*** Data to use Section Begins ***

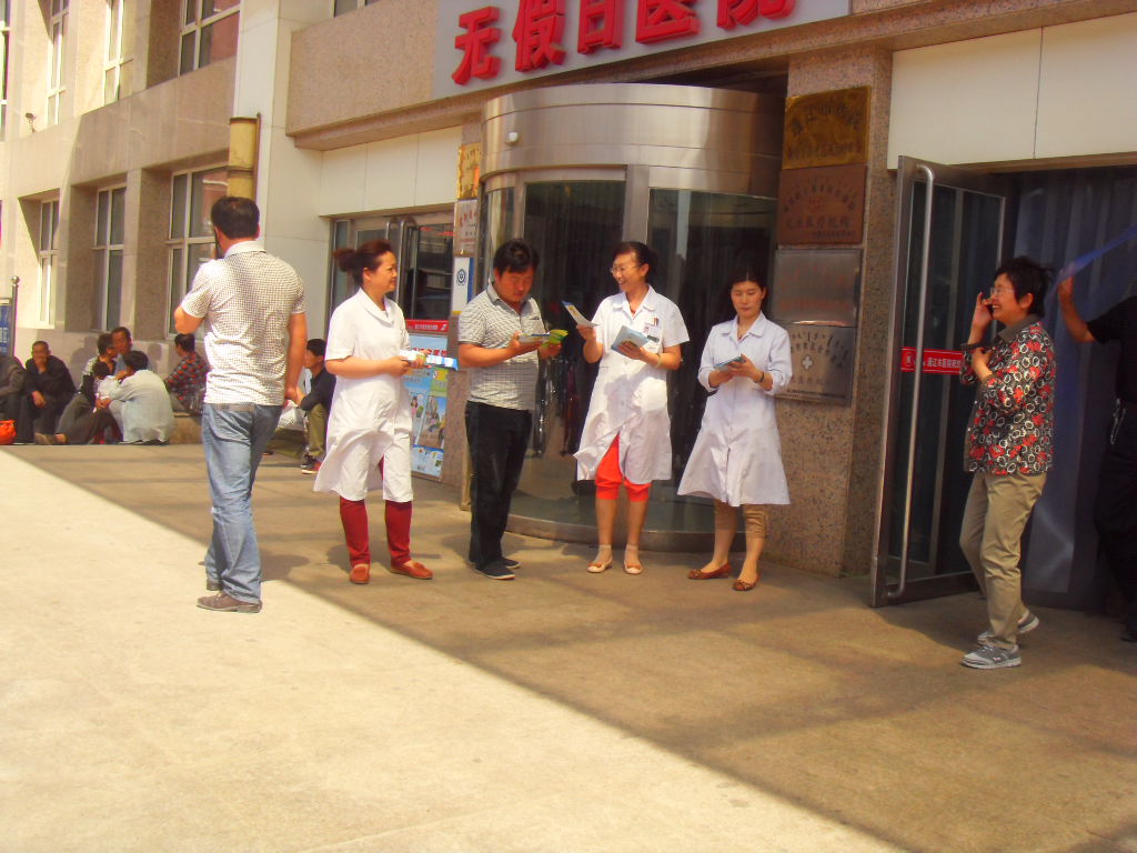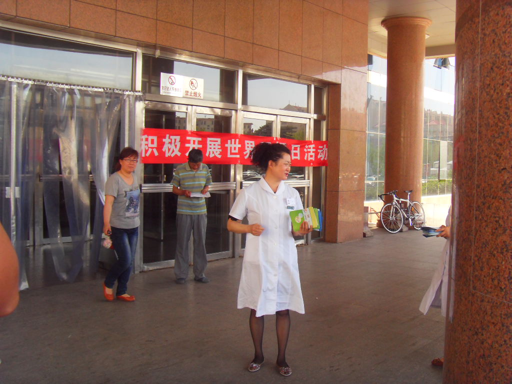 6.2013年5月31日上午医院组织了一支16人的宣传队,在医院前面开展第26个“世界无烟日活动”历时3个小时的活动,我们发放“控制烟草”、“禁止吸烟”、“预防各种传染病”以及“防治H7N9”等宣传单6000多余份,吸烟有害咨询50余人。通过各种形式向广大市民宣传吸烟有害,请大家远离烟草。共同营造无烟的良好环境。收到很好的效果。
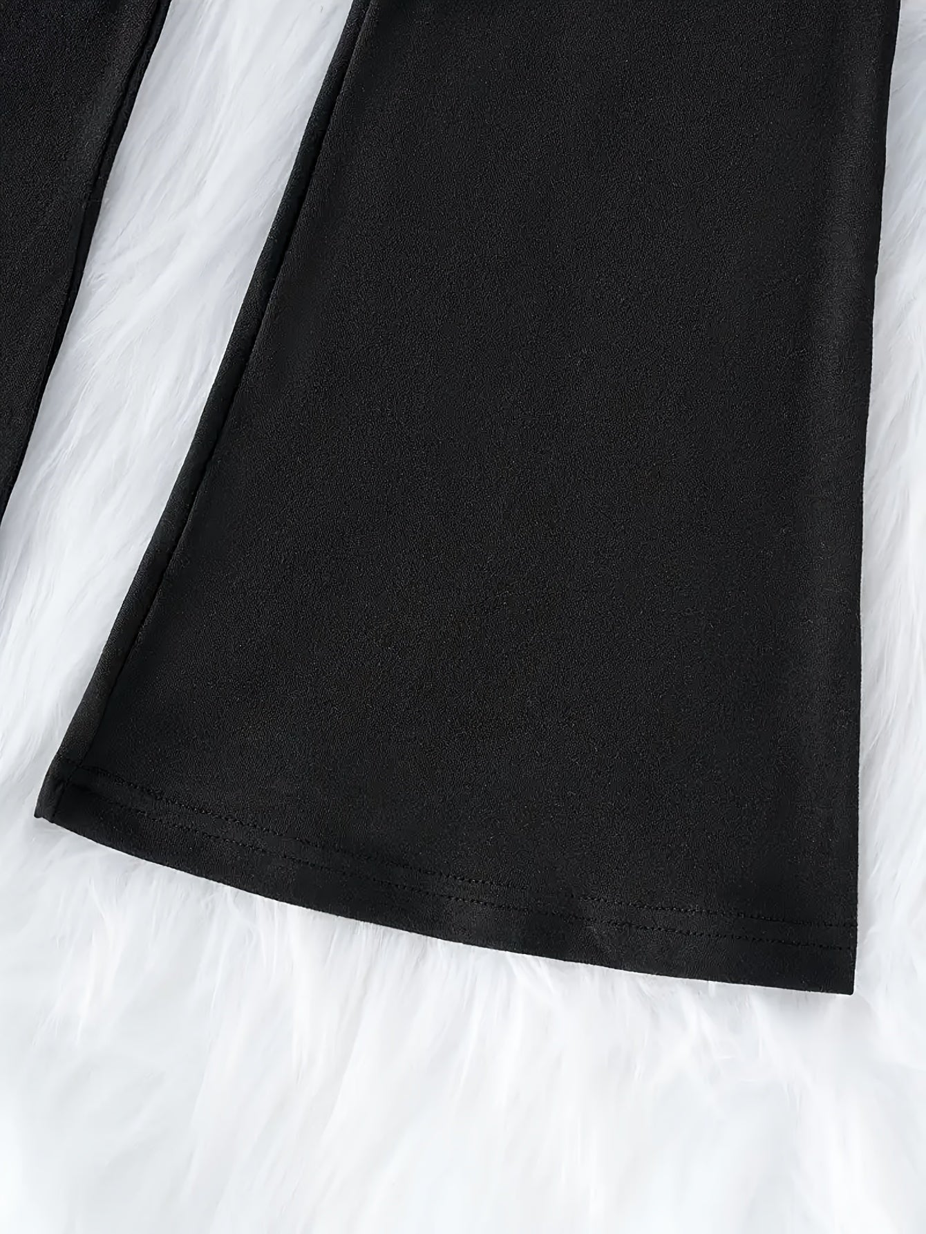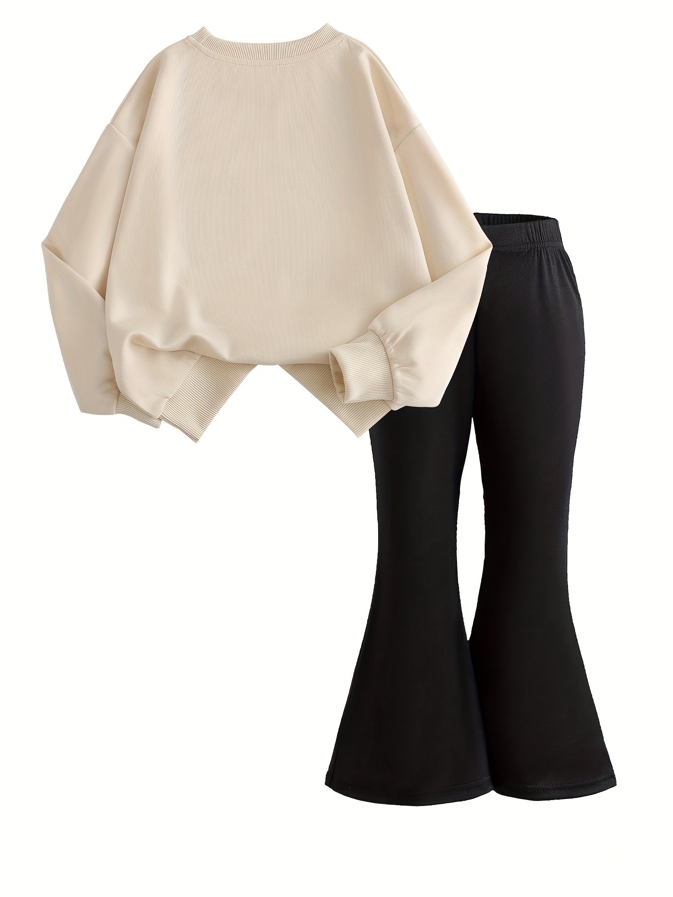[Trendy Autumn Suit for Kids] 2pcs Trendy Autumn Suit for Kids | Girls' Fashion Sweatshirt + Flare Pants Style | Heart Print Design | Urban Stroll + Fashionable Look | Perfect for Outdoor
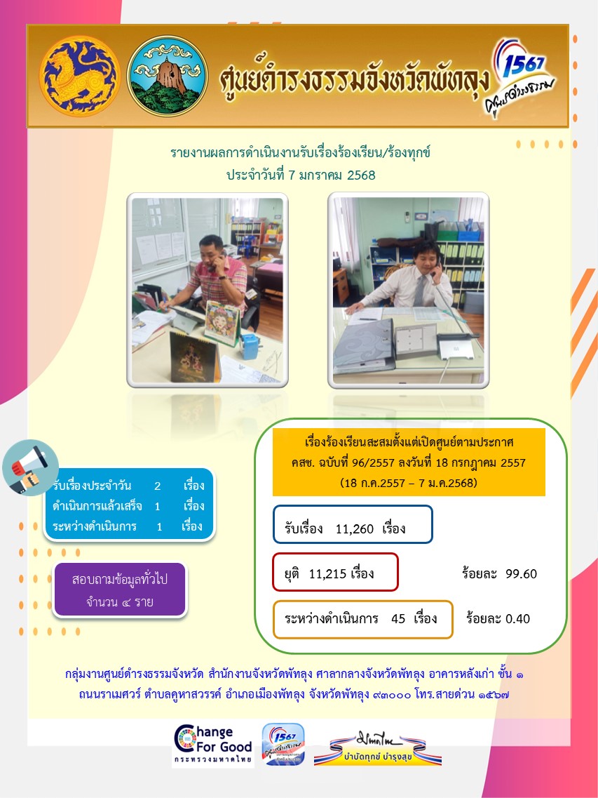 สถิติรับเรื่องร้องเรียน/ร้องทุกข์ วันที่ 7 มกราคม 2568
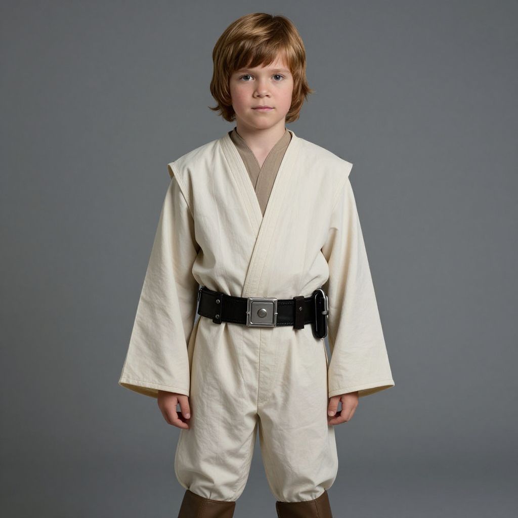 Young Luke Skywalker Costume, young boy in a robe posing for a picture
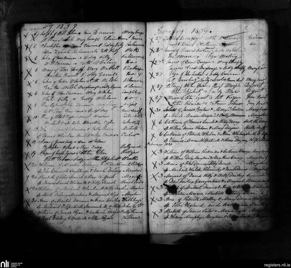 Maryborough; County of Laois; Diocese of Kildare and Leighlin. Baptisms, Dec. 1838 to Feb. 1839
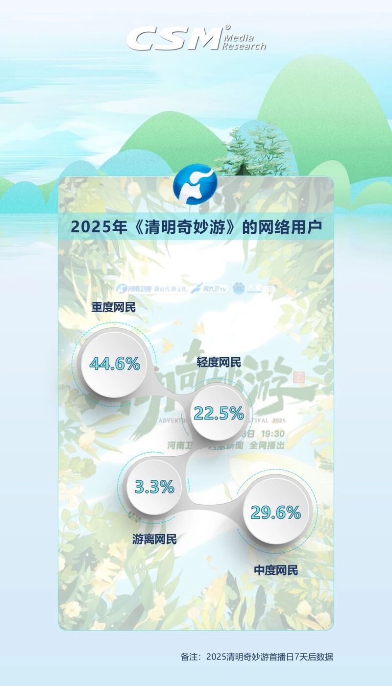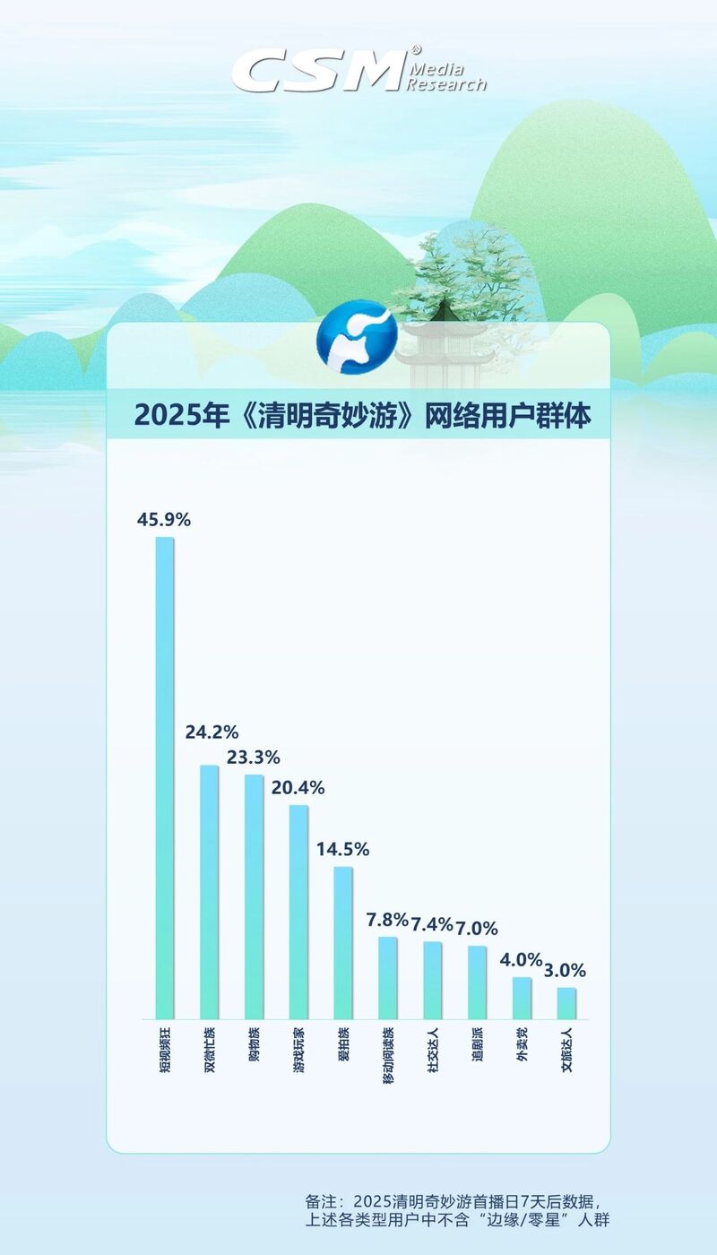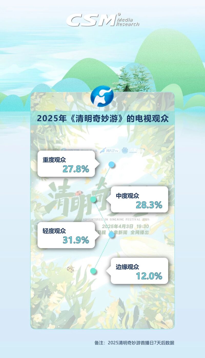 进一步分析用户数据,从大屏收视数据来看,《清明奇妙游》以创新表达推动传统文化“破圈”驻留,中度观众占比28.3%,重度观众占比27.8%,显示出观众对节目的高黏性和浓厚兴趣。
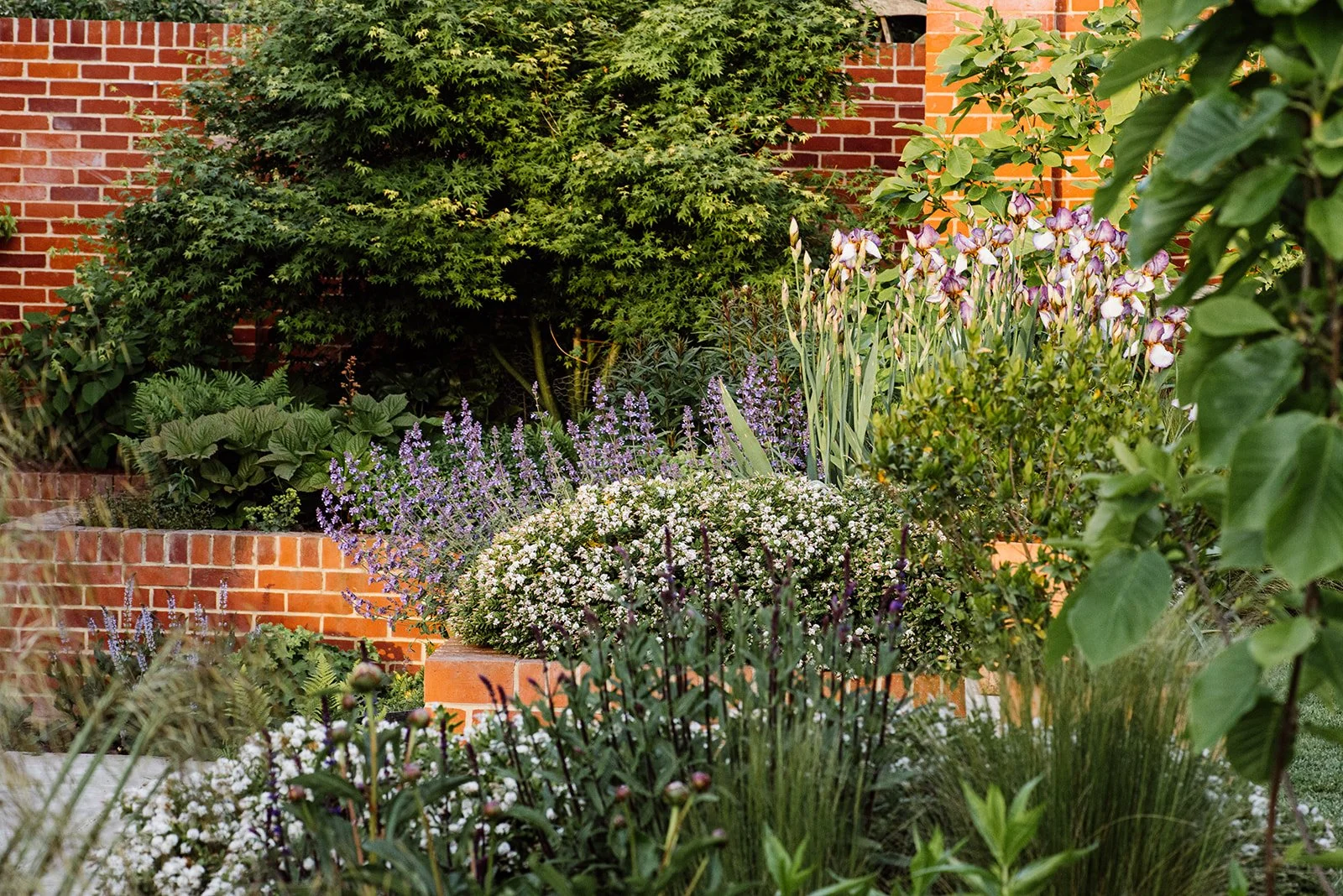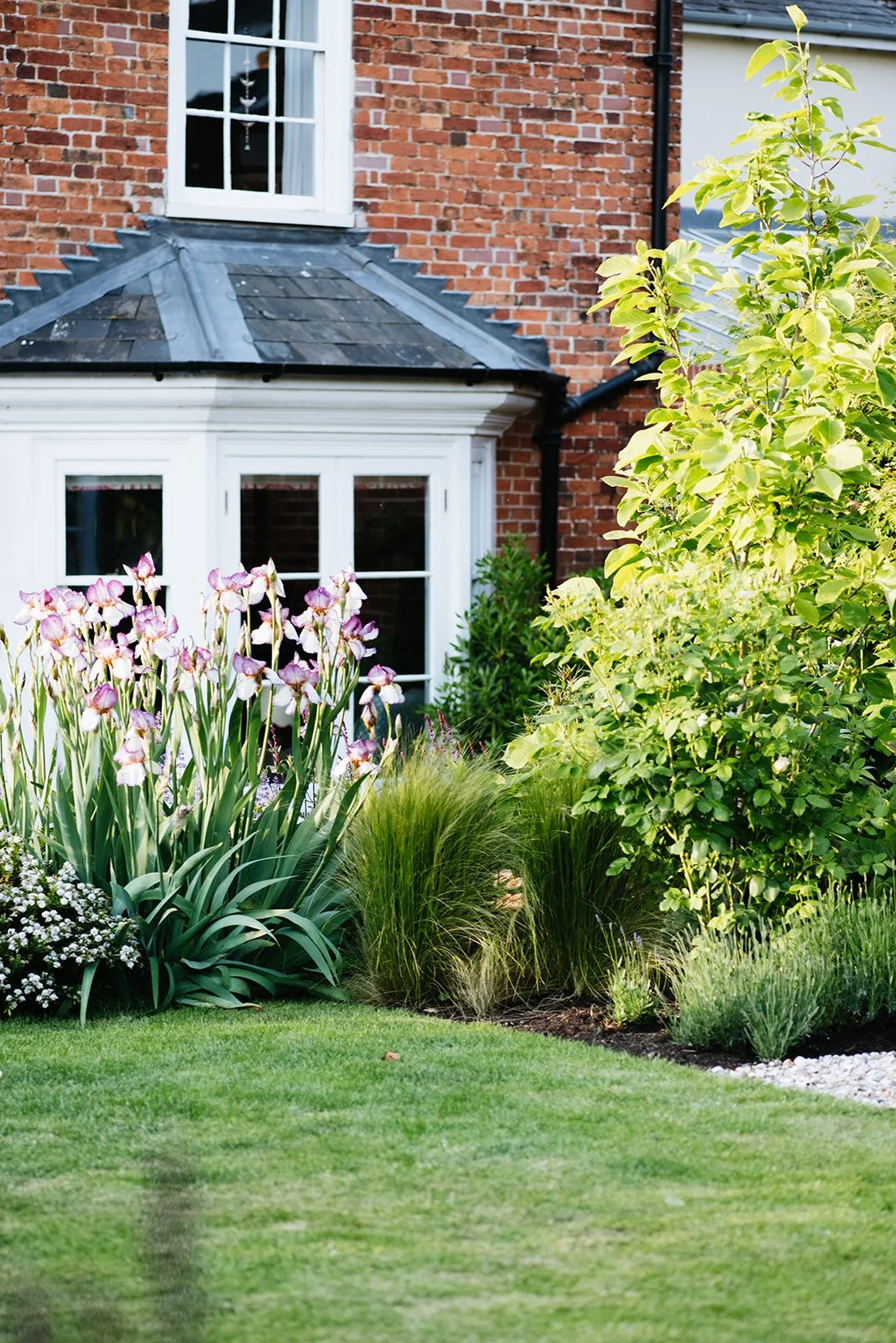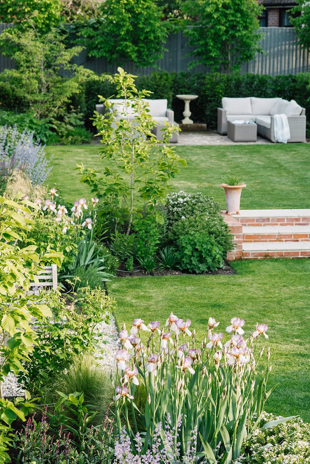 Up the wide and easy steps to the first lawn there is a seating area offering a place to relax in the afternoon sunshine and get a hint of the myrrh scented The Generous Gardener climbing rose as it wafts across the garden towards the renovated summer house. Here four Magnolia Elizabeth trees, planted the year of Elizabeth II’s death, with their unusual large pale yellow flowers are planted on each corner with Lavenders, Salvias, Achillea, Nepeta, Calamintha and Geranium amongst many others that pull together the yellow, blue and purple planting palette. The month of May is dominated by the showy blooms of Iris Benton Lorna with its stunning two tone flowers.
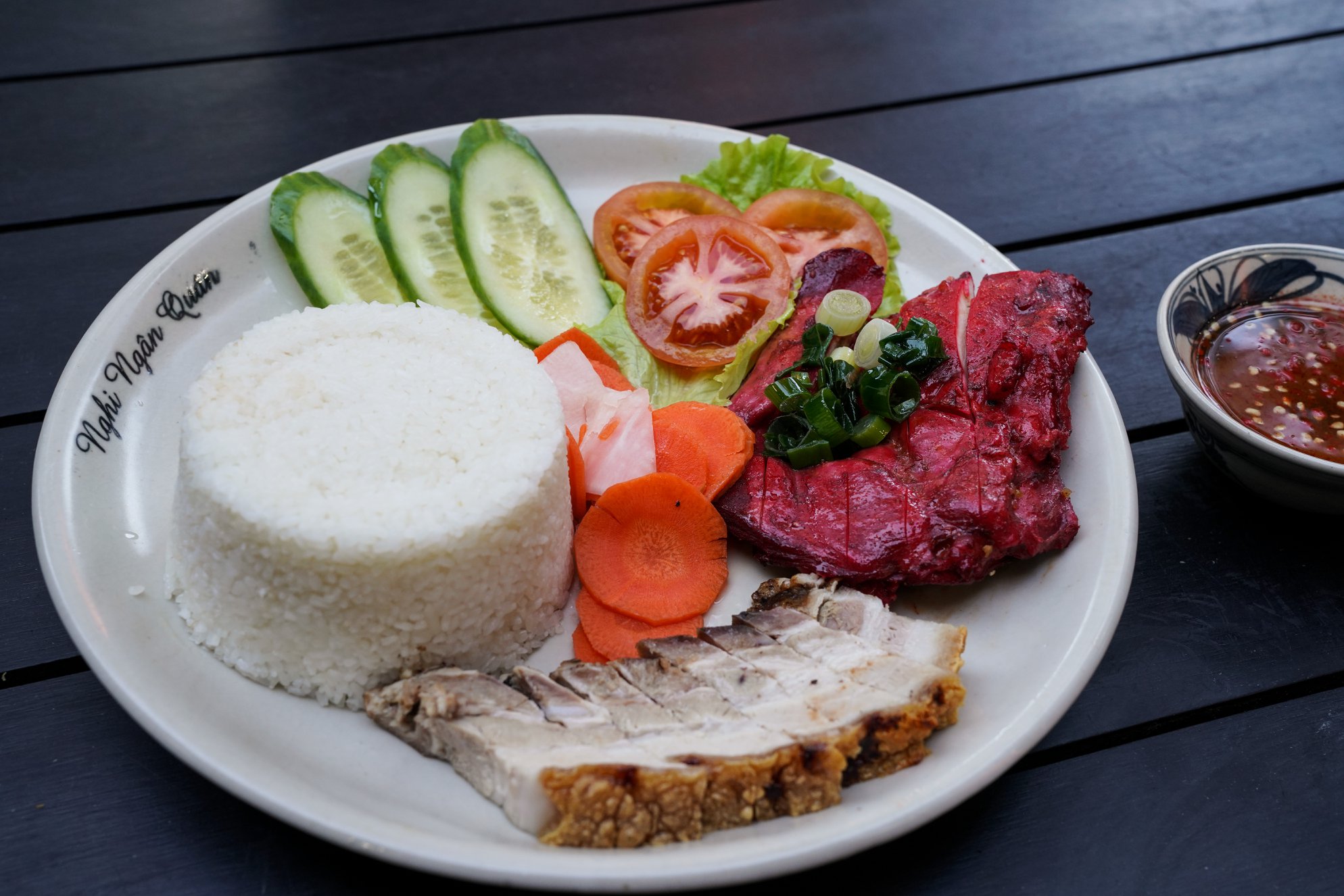 CƠM TẤM GÀ XÁ XÍU HEO QUAY - (Broken Rice with Red BBQ Chicken and Roast Pork)$15.00

*** Data to use Section Ends ***

Because only one stretch of the records is wanted, please output the lines from the one holding "สถิติรับเรื่องร้องเรียน/ร้องทุกข์ วันที่ 7" through the one holding "Maryborough; County of" exactly, both included, and leave every picture out.

 สถิติรับเรื่องร้องเรียน/ร้องทุกข์ วันที่ 7 มกราคม 2568
 Young Luke Skywalker Costume, young boy in a robe posing for a picture
 Maryborough; County of Laois; Diocese of Kildare and Leighlin. Baptisms, Dec. 1838 to Feb. 1839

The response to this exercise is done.